Structure of the Federal Reserve System (2024)

FAQs

What is the structure of the Federal Reserve System? ›

The Federal Reserve System performs five functions to promote the effective operation of the U.S. economy and, more generally, to serve the public interest. It includes three key entities: the Board of Governors, 12 Federal Reserve Banks, and the Federal Open Market Committee.

What is the structure of the Federal Reserve System quizlet? ›

What is the formal structure of the federal reserve system? 12 regional federal reserve banks, around 2,800 member commercial banks, the board of governors of the federal reserve system,the federal open market committee, and the federal advisory council.

What is the Federal Reserve management structure? ›

There are three key groups that make up the Federal Reserve System: the Board of Governors, the Federal Reserve Banks (Reserve Banks), and the Federal Open Market Committee (FOMC).

What are the 3 main functions of the Federal Reserve? ›

The three main purposes of the Federal Reserve System are:
  • Maximum employment.
  • Stable prices.
  • Moderate long-term interest rates.

What is the structure purpose and function of the Federal Reserve? ›

The Fed's main duties include conducting national monetary policy, supervising and regulating banks, maintaining financial stability, and providing banking services.
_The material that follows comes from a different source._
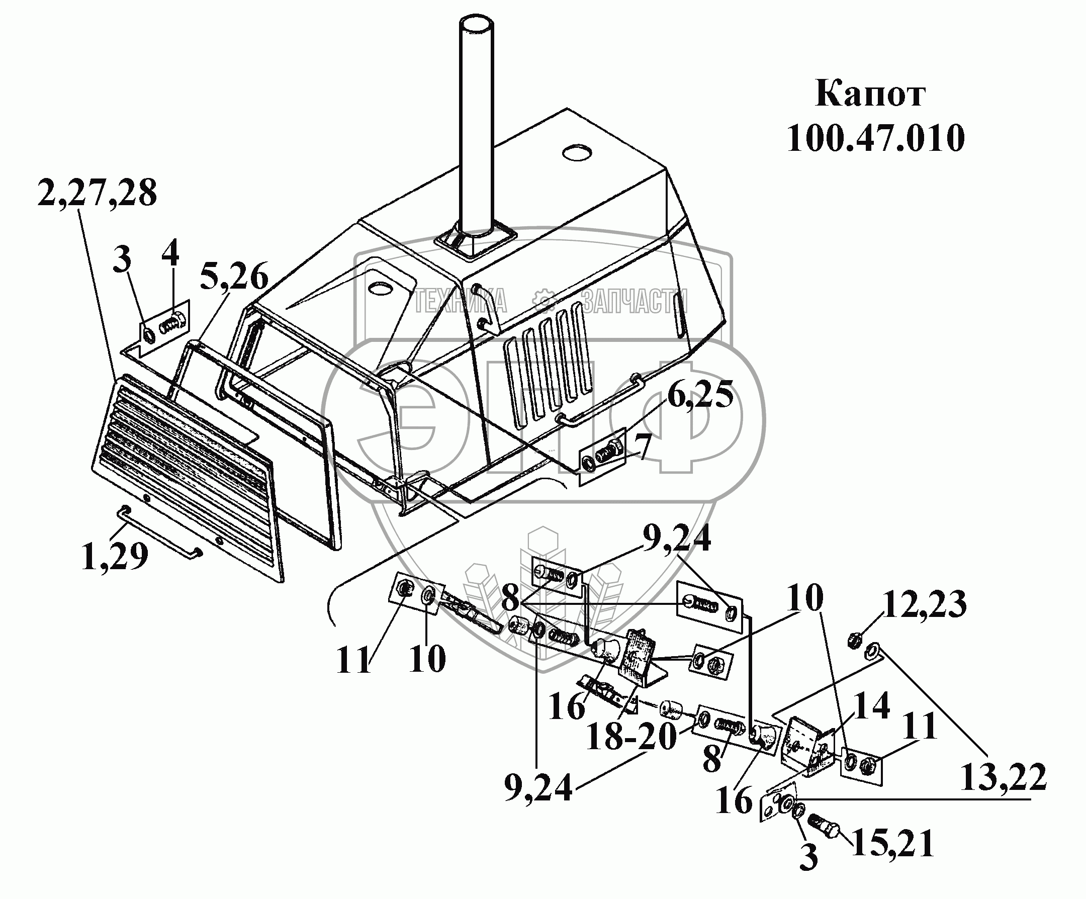 Каталог запасных частей к технике: ВгТЗ ВТ-100Д. Капот 100.47.010 (1)

How is the Federal Reserve system a three part structure? ›

There are three key entities in the Federal Reserve System: the Board of Governors, the Federal Open Market Committee (FOMC), and the 12 Federal Reserve Banks.
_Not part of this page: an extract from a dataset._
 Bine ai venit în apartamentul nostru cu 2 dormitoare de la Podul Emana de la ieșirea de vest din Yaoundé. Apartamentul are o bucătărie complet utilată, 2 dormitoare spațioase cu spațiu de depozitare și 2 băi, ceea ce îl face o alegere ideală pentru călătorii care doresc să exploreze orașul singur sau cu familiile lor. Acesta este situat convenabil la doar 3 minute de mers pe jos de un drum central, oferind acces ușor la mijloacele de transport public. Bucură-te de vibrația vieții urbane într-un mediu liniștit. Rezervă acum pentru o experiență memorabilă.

How is the Federal Reserve system organized and who controls it? ›

Board of Governors of the Federal Reserve System

The Board of Governors--located in Washington, D.C.--is the governing body of the Federal Reserve System. It is run by seven members, or "governors," who are nominated by the President of the United States and confirmed in their positions by the U.S. Senate.
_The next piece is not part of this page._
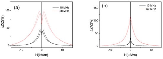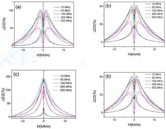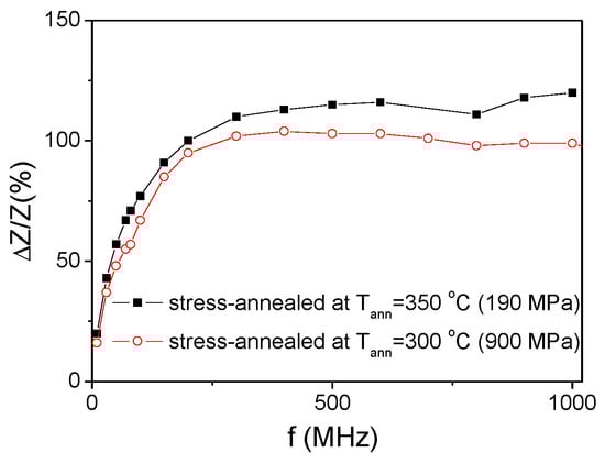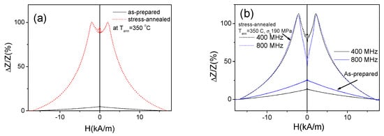 On the other hand, the shape of ΔZ/Z(H) dependencies measured at low f-values (10–100 MHz) is considerably affected by the annealing: a double-maximum dependence typical for wires with circumferential magnetic anisotropy is observed for as-prepared sample, while for annealed sample ΔZ/Z(H) dependence has a shape of decay from H = 0 (see Figure 8). However, increasing the frequency the double maximum ΔZ/Z(H) dependencies can be observed even in annealed samples (see Figure 7a–d).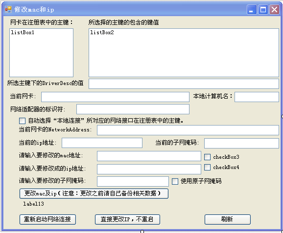 修改注冊表中"本地連接"的Ip和網卡地址(C#) ... [更多詳細]

What is the basic structure of the Federal Reserve bank quizlet? ›

What is the basic structure of the Federal Reserve​ Bank? There are 12 district​ banks, a Board of Governors and a Federal Open Market Committee.

What is the structure purpose and function of the Federal Reserve quizlet? ›

What is the purpose of the federal reserve? It works to strengthen and stabilize the nations monetary system. It provides financial services to the government, regulates financial institutions, maintains the payment system, enforces consumer protection laws, and conducts monetary policy.

Which of the following best describes the Federal Reserve? ›

The answer is A. The U.S Federal Reserve is responsible for the monetary and money supply. The Fed makes sure the economy is healthy and regulates the amount of money floating within the economy. It usually implements policies such as the monetary policy when it wants the economy to contract or expand.

Is the Federal Reserve system centralized? ›

The framers of the Federal Reserve Act developed a central banking system that would broadly represent the public interest. CONGRESS oversees the Federal Reserve System and its entities.

What are the two main responsibilities of the Federal Reserve System and to ________? ›

Conduct monetary policy; oversee financial markets.

Who is in charge of the Federal Reserve? ›

Federal Reserve Board - Jerome H. Powell, Chair.

What is the Federal Reserve system in simple terms? ›

It is responsible for managing monetary policy and regulating the financial system. It does this by setting interest rates, influencing the supply of money in the economy, and, in recent years, making trillions of dollars in asset purchases to boost financial markets.

What are the five major parts of the Federal Reserve system? ›

The Fed system consists of five components: (1) member banks, (2) Federal Reserve District Banks, (3) Board of Governors, (4) Federal Open Market Committee, and (5) advisory committees.